Le député de Québec solidaire Gabriel Nadeau-Dubois (GND) le souligne dans son livre Lettre d’un député inquiet à un premier ministre qui devrait l’être (Lux).
Dans l’entrevue qu’il a accordée au Journal, il formule le problème ainsi : « Il y a un réel risque, si la démocratie échoue à régler le problème des changements climatiques, que dans un certain temps les citoyens et citoyennes qui ont peur pour leur survie se mettent à se tourner vers des options autoritaires. »

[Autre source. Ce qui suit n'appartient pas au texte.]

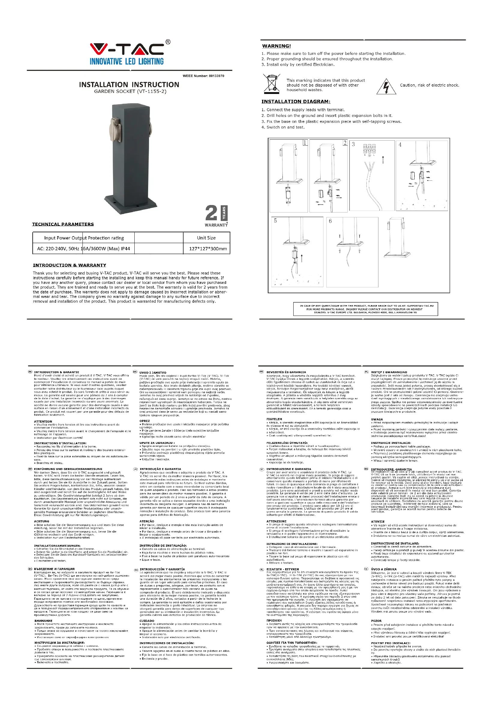 Retrouvez gratuitement la notice de l'appareil VT-1155-1 V-TAC au format PDF.
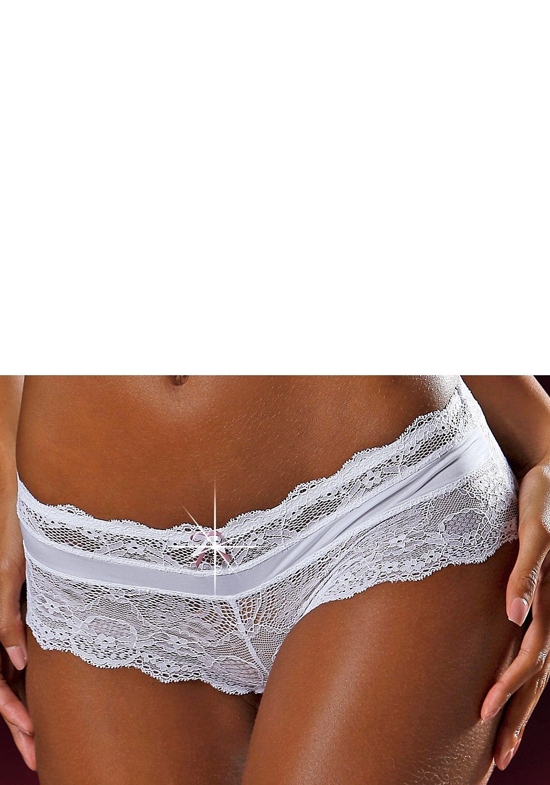 Panty aus elastischer Spitze. Mit Baumwollzwickel. Aus 90% Polyamid, 10% Elasthan.
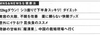 健康 198 女性健康誌の取材 ニュース&トピックス 未来食!? 昆虫食に秘められた健康パワー!?、季刊「Shakitt」2008年冬号(2007年12月1日発売)(30代からのヤングミセス対象の健康雑誌、部数5万部)、ビジネス社。ゲテモノ食い? と思われる虫食。しかし虫... 2007.11.05 健康
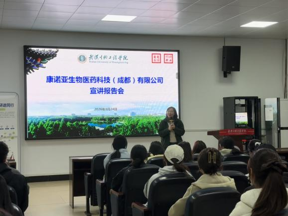 本网讯(通讯员 刘欢欢)3月24日,康诺尔生物医药科技有限公司专场宣讲会在一号楼南1102顺利举行。本次宣讲会吸引了众多应届毕业生及低年级学生到场参与,现场座无虚席,气氛热烈。

L’ancien maire du Plateau-Mont-Royal, l’écologiste Luc Ferrrandez, a même évoqué — de manière un brin caricaturale — un éventuel retour aux affaires à titre de « leader du style autoritaire progressiste ».
Vieille question
C’est une vieille tentation dans le mouvement vert, comme le rappelle d’ailleurs Nadeau-Dubois dans son opus.
Un des premiers penseurs de l’écologie, le philosophe allemand Hans Jonas, se désolait en 1979 de l’obsession du court terme de nos démocraties où l’avenir n’est représenté par aucun « lobby ».
Il soutenait que malgré ses défauts (centralisation et bureaucratisme), seule une « tyrannie bienveillante » de type communiste pourrait faire face à la crise écologiste.
À la même époque, l’essayiste William Ophuls reprenait l’idée de Platon selon laquelle pour piloter un navire en eau agitée, vaut mieux avoir à la barre les meilleurs ; évoquant ainsi un règne d’écologistes-rois.
Plus près de nous, en 2007, un livre australien suscitait un débat houleux : The Climate Change Challenge and the Failure of Democracy (Praeger). Le coauteur, David Shearman, un médecin, dénonçait l’indécision chronique des démocraties. Les régimes autoritaires tels que celui de la Chine peuvent prendre les décisions qui s’imposent, plaidait-il.
Justin Trudeau, en 2013, avait d’ailleurs confié son « admiration » pour la Chine où le régime dictatorial pourra transformer l’économie « en un clin d’œil » et prendra « le virage vert plus vite », notamment grâce à « l’énergie solaire ».
Latulippe
De manière espérons-le inconsciente, le documentaliste Hugo Latulippe, candidat défait du NPD dans Montmagny-L’Islet (il a obtenu 6,8 % des voix), adoptait un ton d’écologiste-roi dans une lettre à La Presse, la semaine dernière.
À le lire, on comprend que ses adversaires sont totalement illégitimes, car ils profitent de l’ignorance de la population : « Je ne conçois pas que des Québécois contemporains puissent voter pour ce parti. Je ne m’y résous pas. Comment ne pas y voir un problème général d’éducation ? »
En définitive, les conservateurs sont dangereux pour la planète. Et pour passer à une autre ère, écrit-il, « il faudra une fois pour toutes détruire ces véhicules politiques qui ont commencé à s’enfoncer dans la fange conservatrice ». Aïe !
Je ne nie surtout pas le problème qui inquiète ces militants. Ni que nos démocraties, pourtant alertées depuis près de 30 ans, et de manière plus crédible depuis 10 ans, ont semblé réticentes à prendre certains virages.
Pourtant, comme Nadeau-Dubois, comme Steven Guilbault, je crois qu’il vaut mieux faire confiance aux démocraties, qui sauront bien définir les solutions.